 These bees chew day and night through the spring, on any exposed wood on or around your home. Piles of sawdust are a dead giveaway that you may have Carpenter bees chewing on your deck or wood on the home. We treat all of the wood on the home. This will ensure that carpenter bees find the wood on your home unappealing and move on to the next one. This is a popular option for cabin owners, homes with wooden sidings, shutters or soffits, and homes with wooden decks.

------------------------------------------------------------

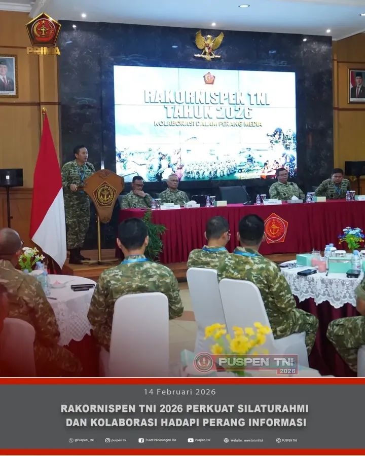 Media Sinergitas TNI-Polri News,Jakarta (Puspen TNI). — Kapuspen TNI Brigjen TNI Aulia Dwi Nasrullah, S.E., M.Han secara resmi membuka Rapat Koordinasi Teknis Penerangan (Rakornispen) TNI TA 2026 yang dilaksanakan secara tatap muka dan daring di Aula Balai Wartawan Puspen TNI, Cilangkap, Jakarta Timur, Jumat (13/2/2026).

------------------------------------------------------------

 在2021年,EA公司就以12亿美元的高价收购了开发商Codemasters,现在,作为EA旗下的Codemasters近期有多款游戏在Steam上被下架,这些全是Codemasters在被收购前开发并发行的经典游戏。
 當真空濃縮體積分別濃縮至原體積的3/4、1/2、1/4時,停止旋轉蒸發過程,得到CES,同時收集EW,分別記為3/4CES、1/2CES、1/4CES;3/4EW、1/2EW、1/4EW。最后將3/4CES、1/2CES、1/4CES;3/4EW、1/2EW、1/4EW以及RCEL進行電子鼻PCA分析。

------------------------------------------------------------

TRY IT. Output the lines above exactly, but only those between the line holding "在2021年,EA公司就以1" and the line holding "當真空濃縮體積分別濃縮至原體", inclusive.

RESPONSE TO THE EXERCISE.
 在2021年,EA公司就以12亿美元的高价收购了开发商Codemasters,现在,作为EA旗下的Codemasters近期有多款游戏在Steam上被下架,这些全是Codemasters在被收购前开发并发行的经典游戏。
 當真空濃縮體積分別濃縮至原體積的3/4、1/2、1/4時,停止旋轉蒸發過程,得到CES,同時收集EW,分別記為3/4CES、1/2CES、1/4CES;3/4EW、1/2EW、1/4EW。最后將3/4CES、1/2CES、1/4CES;3/4EW、1/2EW、1/4EW以及RCEL進行電子鼻PCA分析。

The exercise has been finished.